В первых рядах перед низкой эстрадой чинно сидели почетные гости, а дальше было сплошное синее море гимназических мундирчиков, кое-где белевшее, точно бурунами, парадными передниками гимназисток.
«Море» сдержанно волновалось: пронесся слух, что Шульгин-Осетрина только что привез танцмейстера Вронди. Меньше всего гимназисты рассчитывали увидеть у себя Вронди!
На эстраде возвышался рояль с откинутой крышкой, похожий на готовый к отплытию черный корабль. Распорядитель с красным бантом захлопал в ладоши, его поддержали в зале, и на эстраду вышел Филатов.
Филатов откашлялся, отчего задребезжали стеклянные, гирлянды на люстре, и объявил:
— «У парадного подъезда» господина Некрасова!
— Я тебе покажу «подъезд»! — прошипел полицеймейстер Джапаридзе.
Сидевшая в первом ряду зловещего вида старуха, в лиловом шелковом платье, с черной наколкой из драгоценных кружев «шантильи» на трясущейся голове, вдруг очнулась от дремы и вздохнула, точно предчувствуя недоброе. Это была начальница женской казенной гимназии Псалти — Пиковая Дама, ненавидимая поколениями гимназисток за злобный и вздорный нрав.
Филатов выдержал паузу, отступил шаг и вдруг, весь подавшись вперед, простер грозно палец, нацеленный, как показалось Псалти, на нее, и, страшно сверкнув стеклянным глазом, рявкнул первую строчку поэмы:
— Вот парадный подъезд!..
Пиковая Дама сильно вздрогнула и, тонко, по-птичьи вскрикнув, склонилась в обмороке на плечо соседки.
— Антракт! — крикнул находчивый Павел Иванович и сделал знак, военному оркестру, уже рассевшемуся в дальнем углу. Грянул вальс. Огорченный Филатов пошел в буфетную.
— Нехорошо-с! — наставительно сказал ему в буфетной директор, пропуская по третьей. — Изволили почтенную матрону напугать. И зачем вам понадобился Некрасов? Неужели вам мало превосходнейших римских поэтов?
— В порошок сотру! — пригрозил Филатову полицеймейстер, страшно сверкнув глазами.
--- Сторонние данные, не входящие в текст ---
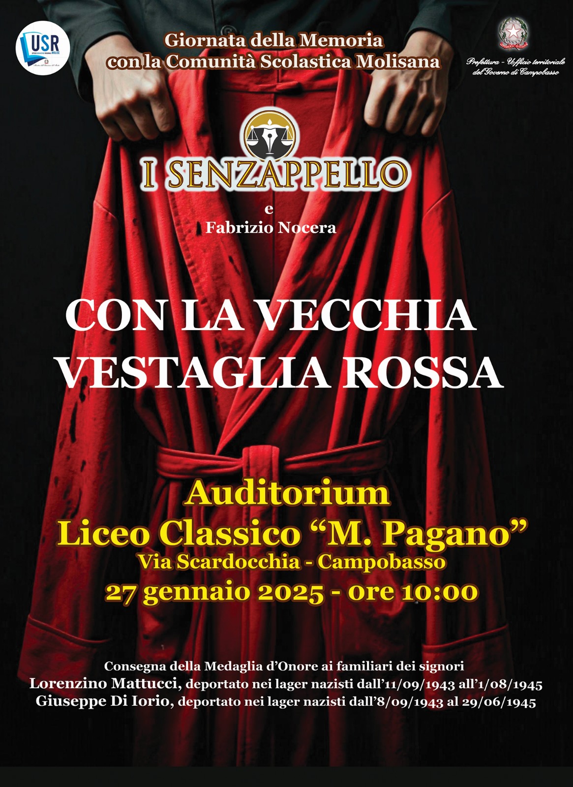 Protagonista della mattinata sarà lo spettacolo teatrale “Con la vecchia vestaglia rossa”, realizzato dall’associazione “Senzappello – Avvocati in teatro”. L’opera, frutto della collaborazione con lo storico Fabrizio Nocera, ripercorre le storie dimenticate dei cinque campi di internamento presenti in Molise, situati nei comuni di Campobasso, Casacalenda, Bojano, Vinchiaturo, Isernia e Agnone. Attraverso una narrazione intensa e coinvolgente, lo spettacolo offre un viaggio nel vissuto drammatico di quei luoghi e di quel periodo, trasportando studenti e docenti in una riflessione profonda sul valore della memoria e sul rispetto dei diritti umani.

Тем временем, убедившись, что и директор и многие другие почетные лица меньше всего склонны к продолжению концерта, Павел Иванович отдал распоряжение сдвинуть в зале стулья и начать танцы. Шульгин-Осетрина поспешно бросился исполнять команду. На душе у него было неспокойно, так как всю дорогу, сидя с ним бок о бок в извозчичьей пролетке, старец Вронди настойчиво требовал уплаты обусловленной суммы.
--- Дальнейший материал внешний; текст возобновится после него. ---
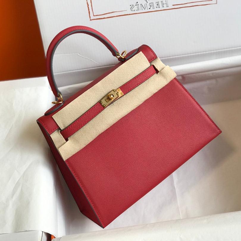 HM KELLY 32CM BAG IN BERRY TOGO GOLD HARDWARE

Деньги должен был дать Павел Иванович, но Осетрина отлично знал, как трудно и даже невозможно было получить у Павла Ивановича хотя бы один рубль…
Вронди стоял в центре зала, как безвкусно сделанная статуя, в наглухо застегнутом черном сюртуке с потертыми шелковыми отворотами и в белых нитяных лакейских перчатках. Левой рукой, согнутой в локте, старец прижимал к груди надраенную мелом каску и громко, отчетливо командовал:
— А-гош — налево! А-друат — направо!
И вот уже закружились по залу юные пары. Гимназисты и гимназистки танцевали истово, без улыбки, точно выполняя нужное и ответственное дело.
Вошли в круг танцующих и взрослые. Полицеймейстер Джапаридзе, расправив седые бакенбарды, совершенно такие, как на портрете Александра Второго, склонился перед супругой миллионера Неграпонте и повел ее в медленном вальсе, скрывая одышку. Вальсировал молодой преподаватель истории Дмитрий Павлович Дробязко со своей красавицей женой. Уже установился благополучный ритм бала, и только еще шушукались по углам пожилые матроны на том удивительном греко-украинско-русском языке, который составлял особенность Таганрога. Они никак не могли прийти в себя: танцмейстер Вронди здесь, среди их сыновей и дочек!
Вдруг из двери классного помещения с надписью «Физический кабинет», где хранились испорченная электрическая машина и разбитый аквариум и где сейчас был устроен буфет, показался Знаменский. Директор держался на ногах подчеркнуто твердо, шагал, как на параде, и сильно размахивал правой рукой.